Cette tragédie, toujours en cours d’élucidation par la justice française, a marqué le début d’une série macabre et d’un tournant historique : de foisonnante et vivace, la couverture médiatique de cette immense zone déshéritée, marquée par la multiplication des radios locales et la puissance de l’audiovisuel extérieur français, s’est appauvrie, étiolée.

Les reportages ont laissé la place à la communication des juntes qui tiennent désormais ces trois pays aux prises avec des attaques djihadistes, et aux enquêtes faites à distance, par le biais de WhatsApp ou de Signal, faute de sécurité ou d’accréditation. « La plupart des sources sur place n’osent pas parler, et les rares qui osent le faire demandent toujours à rester anonymes », témoigne un reporter africain cité dans le rapport « Dans la peau d’un journaliste au Sahel », publié en avril 2023 par RSF.

La fin d’un regard extérieur

« Le simple fait de parler aux médias vous fait qualifier d’“ennemi du pays” », précise, à Dakar, Sadibou Marong, directeur du bureau de RSF pour l’Afrique subsaharienne.

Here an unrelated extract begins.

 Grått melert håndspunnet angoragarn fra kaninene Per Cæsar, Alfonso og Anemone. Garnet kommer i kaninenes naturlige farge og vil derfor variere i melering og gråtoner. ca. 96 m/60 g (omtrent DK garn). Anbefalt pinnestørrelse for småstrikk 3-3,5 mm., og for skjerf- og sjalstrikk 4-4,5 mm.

Au Mali, la junte exige un « traitement patriotique de l’information », qui expose aux persécutions les journalistes rendant compte des exactions de l’armée ou de ses liens avec la Russie. « Tous ceux-là (…) qui continuent d’informer pour l’ennemi, ils vont le payer », a averti le colonel Assimi Goïta, autoproclamé chef d’Etat à Bamako. « La liberté de parole n’est plus admise (…). Les partis politiques et les syndicats n’ont plus le droit de manifester. Toute la société a été mise en coupe réglée », a résumé sur RFI, en novembre 2023, Ahmed Newton Barry, figure du journalisme au Burkina Faso, pays longtemps tenu pour exemplaire.